1. About the Dataset

The dataset that we are going to use can be found on this Kaggle page. This dataset contains around 2800 records. The two important fields that we will be working with are excerpt and target.

Peeking into the data, excerpt is the text to predict reading ease of, and target is a numeric field that can contain positive or negative values. As seen in this dataset, it is a continuous variable with the minimum being -3.676268 and the maximum being 1.711390. Thus, given a specific excerpt, we need to predict the target value.

To give a little background, competition host Scott Crossley had mentioned in this discussion that “the target value is the result of a Bradley-Terry analysis of more than 111,000 pairwise comparisons between excerpts. Teachers spanning grades 3–12, a majority teaching between grades 6–10 served as the raters for these comparisons”.

Higher target values correspond to “easier to read”, and lower values correspond to “more difficult to read”. For example, let’s say we have three excerpts A, B, and C, and their corresponding target values are 1.599999, -1.333333, and -2.888888. This will mean A is easier to read than B, and B is easier to read than C.

To illustrate, below are two sample excerpts.
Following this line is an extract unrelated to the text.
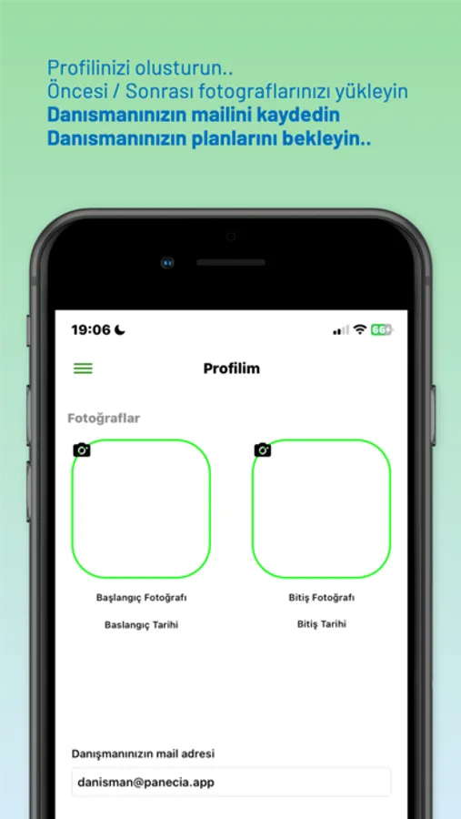 Danışan olarak giriş yapacaksanız ve henüz danışmanınızdan e-mail adresi gönderilmediyse, ilk etapta danisman@panecia.app adresini danışmanınızın mail adresi yerine tanımlayabilirsiniz. Danışmanınızdan e-mail adresi geldikten sonra profil ayarlarınızdan danışmanınızın size gönderdiği e-mail adresini tanımlayabilirsiniz.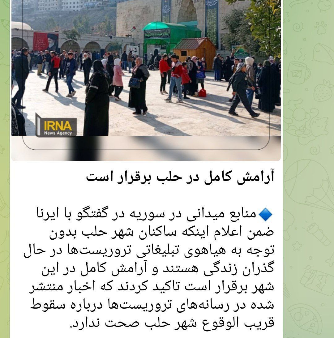 🔹خبرگزاری دولت، خبر سقوط حلب را تکذیب کرد.

Excerpt with target value of 1.541672:

More people came to the bus stop just before 9am. Half an hour later they are all still waiting. Sam is worried. "Maybe the bus broke down," he thinks. "Maybe we won't go to town today. Maybe I won't get my new school uniform." At 9:45am some people give up and go home. Sam starts to cry. "We will wait a bit longer," says his mother. Suddenly, they hear a noise. The bus is coming! The bus arrives at the stop at 10 o'clock. "Get in! Get in!" calls the driver. "We are very late today!" People get on the bus and sit down. The bus leaves the stop at 10:10am. "What time is the return bus this afternoon?" asks Sam's mother. "The blue bus leaves town at 2:30pm," replies the driver. Sam thinks, "We will get to town at 11 o'clock." "How much time will we have in town before the return bus?" wonders Sam.
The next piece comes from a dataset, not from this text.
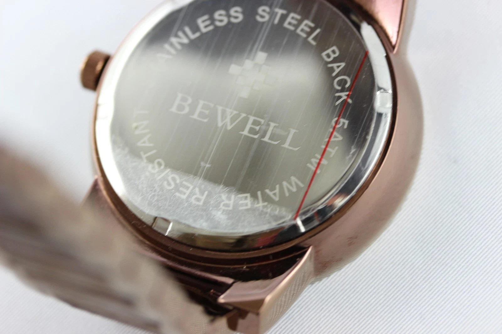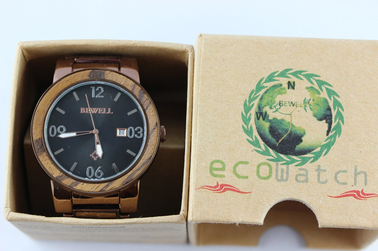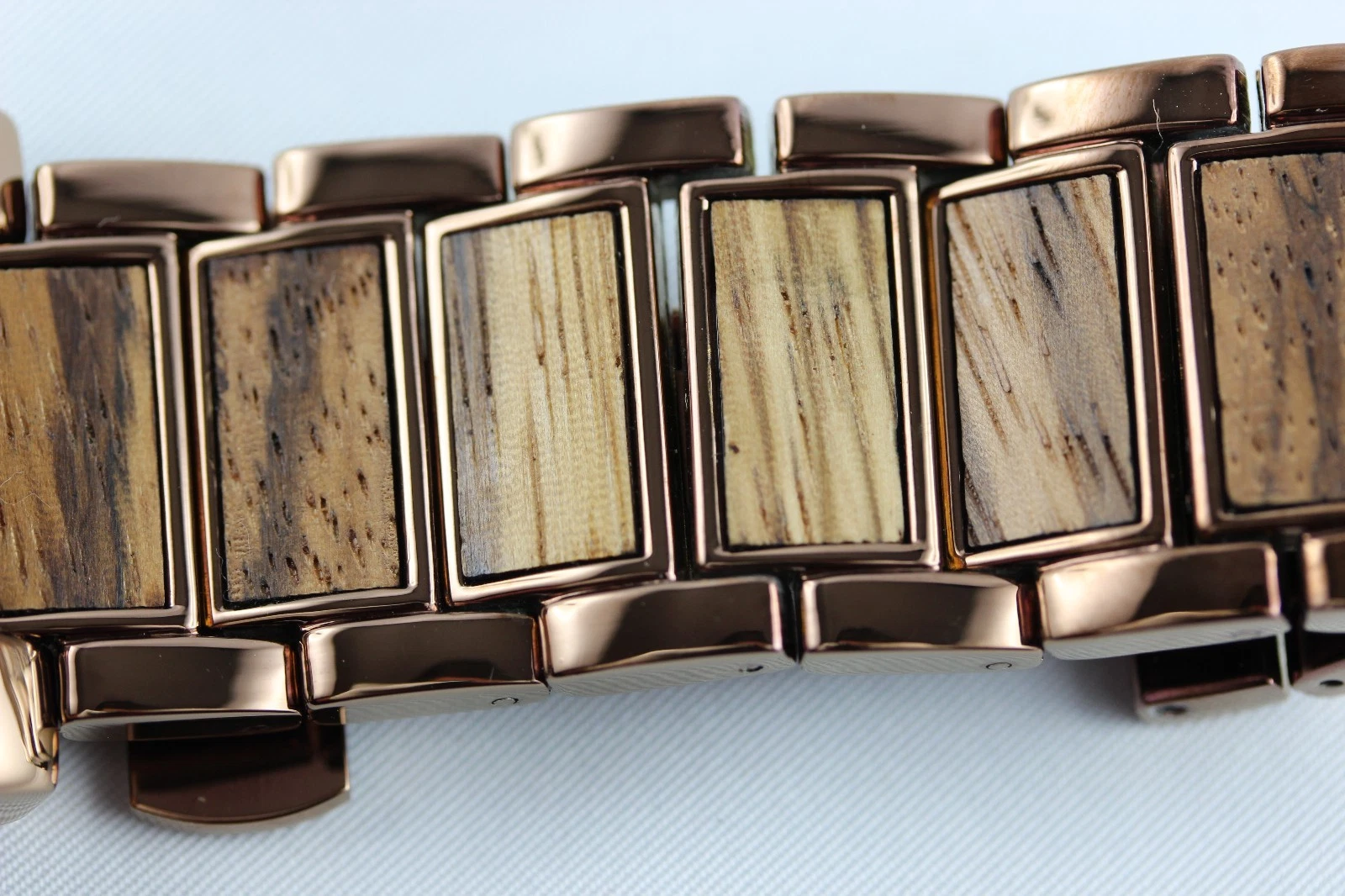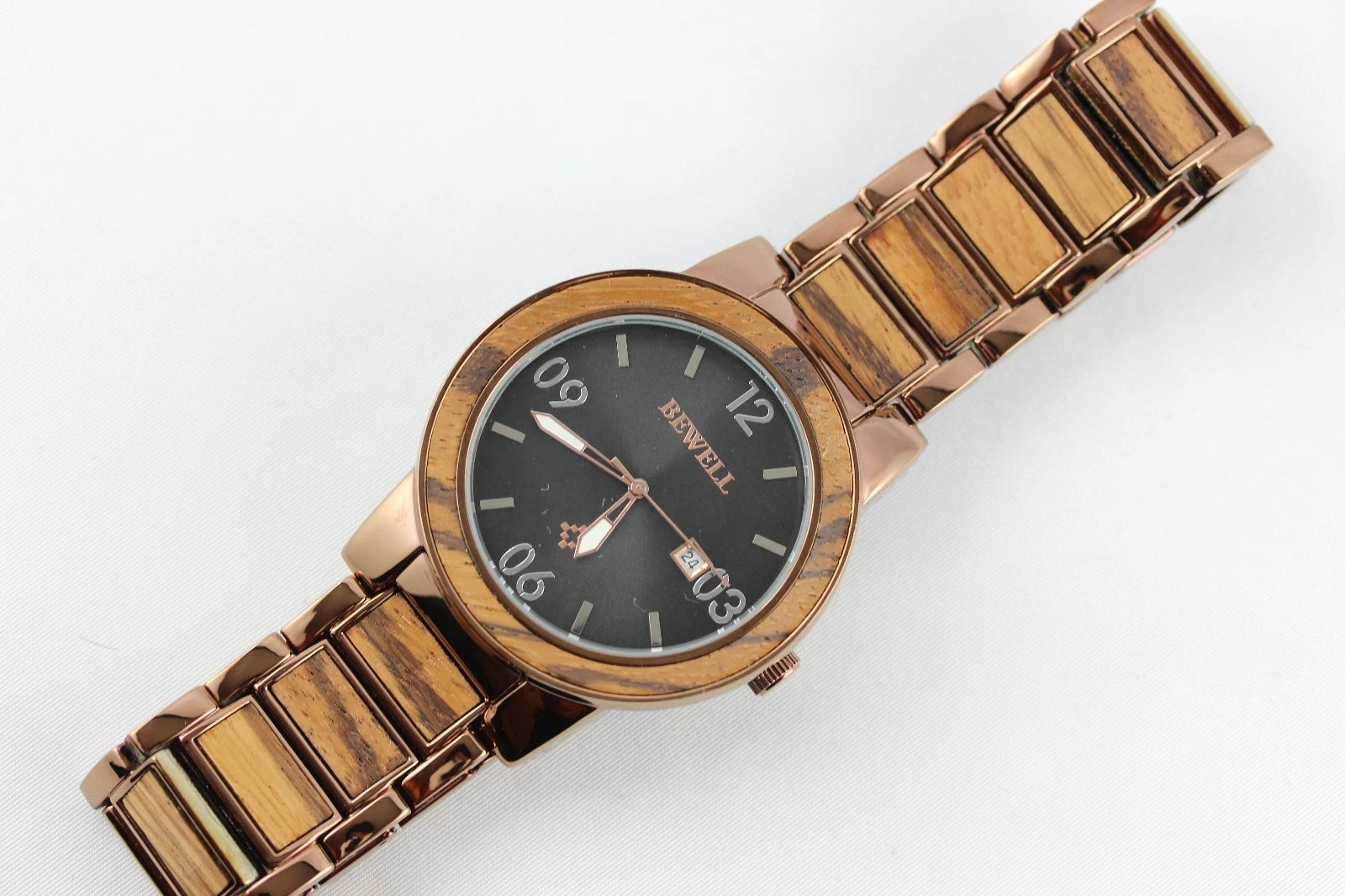 BEWELL Men's Watch Date Zebrano Wood Metal Rose Gold 46mm Gift Wooden Watch

Excerpt with target value of -3.642892:

The iron cylinder weighs 23 kilogrammes; but, when the current has an intensity of 43 amperes and traverses 15 sections, the stress developed may reach 70 kilogrammes; that is to say, three times the weight of the hammer. So this latter obeys with absolute docility the motions of the operator's hands, as those who were present at the lecture were enabled to see. I will incidentally add that this power hammer was placed on a circuit derived from one that served likewise to supply three Hefner-Alteneck machines (Siemens D5 model) and a Gramme machine (Breguet model P.L.). Each of these machines was making 1,500 revolutions per minute and developing 25 kilogrammeters per second, measured by means of a Carpentier brake. All these apparatuses were operating with absolute independence, and had for generators the double excitation machine that figured at the Exhibition of Electricity. In an experiment made since then, I have succeeded in developing in each of these four machines 50 kilogrammeters per second, whatever was the number of those that were running; and I found it possible to add the hammer on a derived circuit without notably affecting the operation of the receivers.

Obviously, of these two excerpts, the former is easier to read compared to the latter.

2. Splitting the Data

Since our dataset is rather small, we will use cross-validation to get a more accurate measure of our model’s performance. As such, we will split the data into training and validation sets using stratified k-fold. With stratified k-fold, the folds are made by preserving the percentage of samples for each class. This method is useful when we have a skewed dataset, or in our case when the distribution of target is not balanced. However, because our target is a continuous variable instead of classes, we need some sort of workaround. This is where binning the target comes to the rescue. The bins are akin to classes, which would then be perfectly fine for scikit-learn’s StratifiedKFold to handle.

The codes are rather straightforward. We randomize the rows of data and reset the row index before calculating the number of bins required to bin the target. One way to do this is to use Sturge’s rule to determine the number of bins to use. Next, we take scikit-learn’s StratifiedKFold class to split the data into 5 folds based on the bins that we have. Finally, the generated fold number (ranging from 0 to 4) will be assigned to a new column called skfold. At the end of the process, the bins are no longer required and can be discarded if you want to.

For your information, the full dataset has a mean target of -0.96 (rounded to 2 decimal places). After splitting into 5 folds, we can see that the distribution shape of target on each fold is preserved. Looking at the plot below, the mean target for each fold is almost consistent and they are indeed very close to -0.96.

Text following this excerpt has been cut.